Older studies, performed before the Echtler publication, are equally inconclusive. A prospective cohort study from Singapore demonstrated that, when controlling for other factors, platelet count was of borderline significance for predicting failed closure of PDA with indomethacin (OR 0.987, p=0.045) [153]. On the other hand, in a randomized trial of transfusions to keep the platelet count >150,000/ μl in thrombocytopenic preterm infants, rates of PDA were nearly identical in the two groups [154].
These conflicting studies have led Sallmon and colleagues to suggest an alternative hypothesis: immature platelet function, not platelet count, plays a role in persistent patency of the DA in the preterm human infant [155]. The rationale for this theory includes evidence for impaired platelet function in preterm infants compared to term infants and adults and the important observation that term infants with severe alloimmune or autoimmune thrombocytopenia do not have higher than expected rates of PDA [156,157]. However, no definitive data in humans or animals yet exists to support the theory that developmental differences in platelet function contribute to persistent PDA in preterm infants.

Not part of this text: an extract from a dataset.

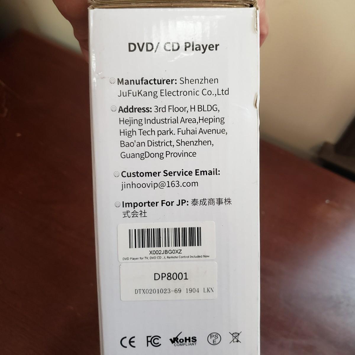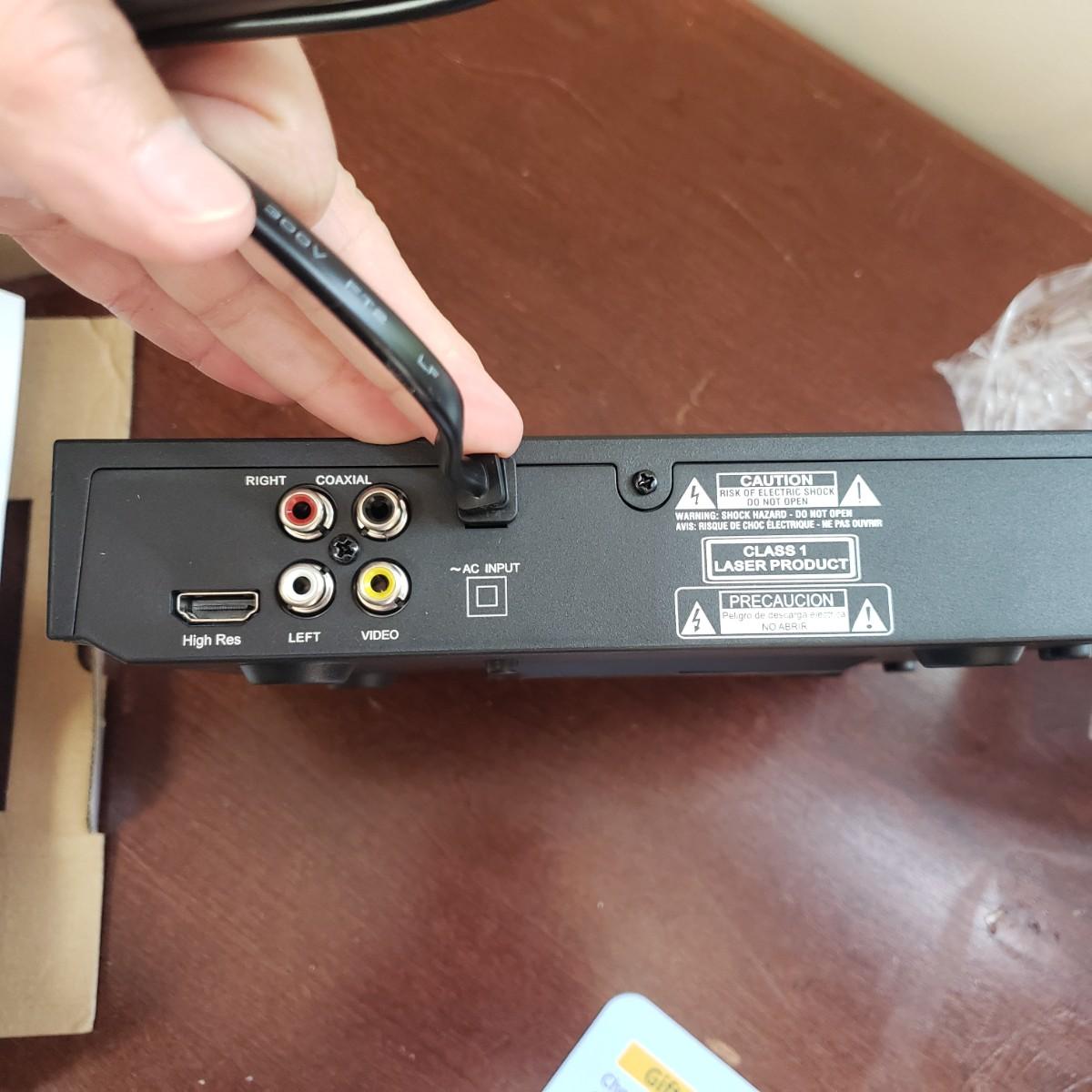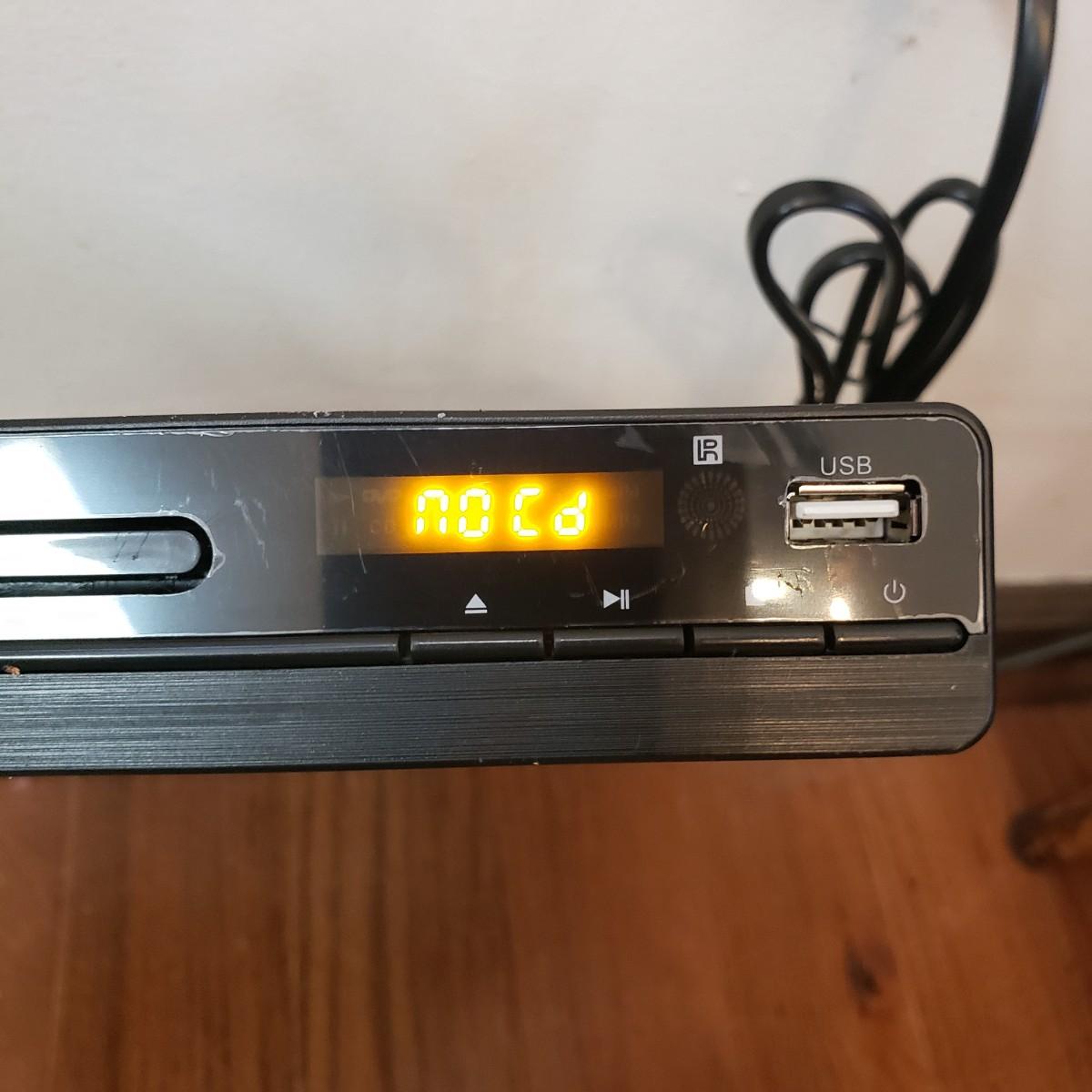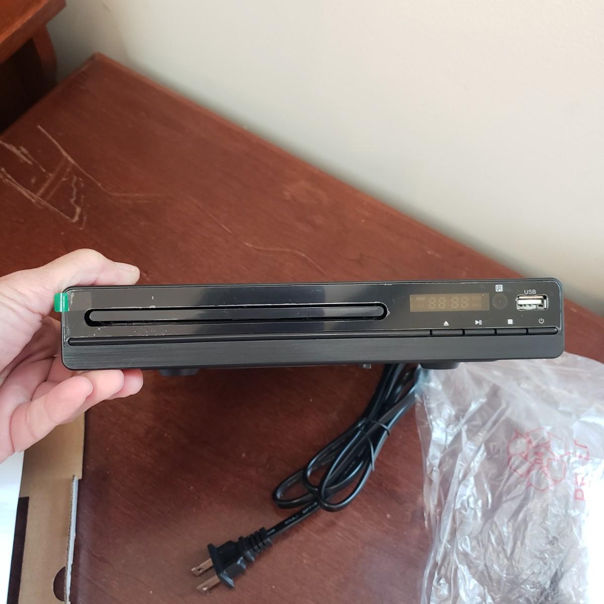 This NIB Jinhoo DVD/CD player powers on when plugged in, see picture. The player comes with red/yellow cords, as well as a remote. Also included are various DVDs, see pictures for titles.

Thus, despite multiple studies, the platelet-PDA relationship remains unclear. Echtler presented compelling and novel murine data about the role of platelets in successful DA closure. The few small, single center studies that have been performed in preterm human subjects are contradictory, but do not suggest that thrombocytopenia in the first days of life consistently results in failure of DA closure. Physiological differences in the mechanism of DA closure between mice and humans or population differences between cohorts in the human studies may account for these conflicting results. As Echtler and others have suggested, it is likely that the role of platelets in DA closure cannot be elucidated without large controlled clinical studies.
While the DA is a vessel rarely dwelled upon after patients leave the neonatal intensive care unit, it is critical for both fetal well-being and the transition to newborn life. Recent research has provided a window into the important molecular pathways regulating the development and function of the DA. However, there continues to be a tremendous amount that is unknown. Many of the animal models have focused on the late preterm or term DA, but there is a distinct possibility that the DA of the ELBW is functionally dissimilar. Further analysis of these pathways earlier in gestation is necessary. The extension of rodent and non-human primate studies to human basic science and clinical studies will likely reveal conserved pathways with potential therapeutic targets. As detailed in this review, these targets may include modulation of hematopoietic cells, specific ion channels, prostaglandins or signaling pathways including angiotensin and endothelin. In the future, improved mechanisms by which clinicians can modulate the patency and closure of the human ductus arteriosus will undoubtedly improve the lives of countless infants.
Supported by NIH grants HL086633 (Stoller), HL109199, HD52953 (Dagle) and HL77395, HL96967, HL109199 (Reese) and by AHA grant 11BGIA7370043 (Stoller).